Comme l'a justement écrit un des vos confrères : depuis l'élection de M. Sarkozy, « la France bouge ; mais le plus souvent, c'est pour reculer ».
Ce constat est lourd de menaces. La combinaison d'un Etat autoritaire et d'un Etat inégalitaire est un précipité dangereux dans une société française minée par sept années d'échecs et déstabilisée par cette nouvelle crise.
Le rôle de la gauche n'est pas de souffler sur les braises. Il n'est pas d'appeler à je ne sais quel grand soir. Il est de donner une voix aux millions d'oubliés de la crise. Il est de construire les bases d'un nouveau modèle dans lequel les Français puissent retrouver espoir.
C'est le travail auquel s'est attelé le Parti socialiste. Le 20 janvier prochain sera rendu public son contre-projet de relance. Soyez en sûrs. Ce sera un projet à l'eau forte qui tracera les différences fondamentales de conception et de solutions que nous avons avec le Président de la République. Notre groupe y a contribué à travers la floraison d'amendements et de propositions de loi qu'il a défendus sur la fiscalité, le pouvoir d'achat, le travail, les nouvelles régulations économiques et sociales. En plein accord avec Martine Aubry, le groupe socialiste à l'Assemblée continuera de jouer ce rôle de PME innovante auprès de la maison mère. Avec des projets construits sur la santé, le logement, la fin de vie.
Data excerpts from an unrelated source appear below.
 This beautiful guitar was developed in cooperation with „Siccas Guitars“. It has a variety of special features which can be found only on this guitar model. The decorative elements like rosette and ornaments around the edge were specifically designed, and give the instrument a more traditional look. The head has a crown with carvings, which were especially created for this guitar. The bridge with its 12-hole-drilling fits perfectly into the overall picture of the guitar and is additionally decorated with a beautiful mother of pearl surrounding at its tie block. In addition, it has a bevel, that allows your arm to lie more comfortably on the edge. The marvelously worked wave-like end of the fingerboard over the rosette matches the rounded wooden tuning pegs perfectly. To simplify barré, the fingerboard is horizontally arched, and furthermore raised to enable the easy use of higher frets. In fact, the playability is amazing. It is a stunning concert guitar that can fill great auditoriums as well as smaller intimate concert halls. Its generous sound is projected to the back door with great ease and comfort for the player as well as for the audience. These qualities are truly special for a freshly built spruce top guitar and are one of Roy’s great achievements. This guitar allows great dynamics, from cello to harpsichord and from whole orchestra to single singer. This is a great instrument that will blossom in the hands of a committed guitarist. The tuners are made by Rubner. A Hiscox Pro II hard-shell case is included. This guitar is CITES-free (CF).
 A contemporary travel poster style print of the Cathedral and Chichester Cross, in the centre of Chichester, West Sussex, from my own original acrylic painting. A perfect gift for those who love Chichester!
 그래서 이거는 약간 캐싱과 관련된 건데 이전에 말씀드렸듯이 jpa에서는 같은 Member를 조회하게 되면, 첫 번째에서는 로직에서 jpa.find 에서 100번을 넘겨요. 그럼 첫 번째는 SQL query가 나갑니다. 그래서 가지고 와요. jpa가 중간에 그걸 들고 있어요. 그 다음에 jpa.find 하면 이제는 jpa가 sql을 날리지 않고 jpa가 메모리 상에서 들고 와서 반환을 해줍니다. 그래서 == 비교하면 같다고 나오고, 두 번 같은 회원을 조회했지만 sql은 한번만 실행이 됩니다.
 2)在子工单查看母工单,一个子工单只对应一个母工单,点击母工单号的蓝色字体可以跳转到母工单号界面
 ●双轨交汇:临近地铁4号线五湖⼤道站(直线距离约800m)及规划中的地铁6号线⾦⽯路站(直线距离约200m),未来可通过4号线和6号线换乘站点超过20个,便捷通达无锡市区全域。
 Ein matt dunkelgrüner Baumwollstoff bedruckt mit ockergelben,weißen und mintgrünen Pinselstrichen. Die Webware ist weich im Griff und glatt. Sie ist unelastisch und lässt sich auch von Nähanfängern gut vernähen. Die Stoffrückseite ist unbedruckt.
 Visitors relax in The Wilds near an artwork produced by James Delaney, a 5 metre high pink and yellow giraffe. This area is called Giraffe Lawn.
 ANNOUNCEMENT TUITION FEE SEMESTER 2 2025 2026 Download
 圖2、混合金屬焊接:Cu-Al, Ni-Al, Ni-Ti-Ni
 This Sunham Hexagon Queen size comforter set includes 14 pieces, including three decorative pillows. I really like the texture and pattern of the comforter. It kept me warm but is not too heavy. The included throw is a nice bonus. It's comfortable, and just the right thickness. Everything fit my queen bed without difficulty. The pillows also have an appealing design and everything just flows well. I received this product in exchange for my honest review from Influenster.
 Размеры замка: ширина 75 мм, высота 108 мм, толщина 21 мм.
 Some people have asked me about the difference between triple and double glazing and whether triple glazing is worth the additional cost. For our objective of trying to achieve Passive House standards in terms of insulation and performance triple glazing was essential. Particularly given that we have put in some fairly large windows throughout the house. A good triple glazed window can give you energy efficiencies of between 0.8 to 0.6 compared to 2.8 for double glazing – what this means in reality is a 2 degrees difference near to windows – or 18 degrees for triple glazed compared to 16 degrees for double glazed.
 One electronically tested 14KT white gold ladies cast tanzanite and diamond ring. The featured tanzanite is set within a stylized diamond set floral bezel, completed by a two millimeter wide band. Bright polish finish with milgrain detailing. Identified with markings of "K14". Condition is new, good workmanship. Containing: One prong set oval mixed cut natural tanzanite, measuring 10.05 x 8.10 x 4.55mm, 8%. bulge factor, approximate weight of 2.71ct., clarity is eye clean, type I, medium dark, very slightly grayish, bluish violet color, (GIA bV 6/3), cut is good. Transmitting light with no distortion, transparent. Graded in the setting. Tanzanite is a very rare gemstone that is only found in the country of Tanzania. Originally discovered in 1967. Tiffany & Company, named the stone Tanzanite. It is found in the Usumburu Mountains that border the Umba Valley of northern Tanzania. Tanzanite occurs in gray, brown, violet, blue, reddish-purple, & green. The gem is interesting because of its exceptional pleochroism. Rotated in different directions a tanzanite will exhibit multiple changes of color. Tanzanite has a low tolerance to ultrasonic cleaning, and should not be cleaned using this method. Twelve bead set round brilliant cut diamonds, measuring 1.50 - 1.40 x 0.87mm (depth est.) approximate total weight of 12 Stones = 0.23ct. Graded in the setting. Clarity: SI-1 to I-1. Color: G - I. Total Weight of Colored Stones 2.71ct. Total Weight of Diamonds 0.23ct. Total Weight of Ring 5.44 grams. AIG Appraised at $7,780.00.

Notre pays a besoin d'une gauche forte et créative. Je me félicite que les intenses batailles que nous menons sur l'audiovisuel public, le travail le dimanche nous aient enfin permis d'être entendus par les Français. C'est la reconnaissance du talent et de la cohésion des députés socialistes, radicaux et citoyens.
Ce n'est qu'un début. Sur tous les grands sujets, le pouvoir trouvera à l'Assemblée une opposition ardente, combative, tranchée qui défendra pied à pied ses convictions et ses solutions. Et s'ils veulent nous faire taire, nous saurons mobiliser tous les moyens du droit et de la communication pour nous faire entendre. Clemenceau l'a dit avant moi : « On ne subit pas le salut ; on le fait ».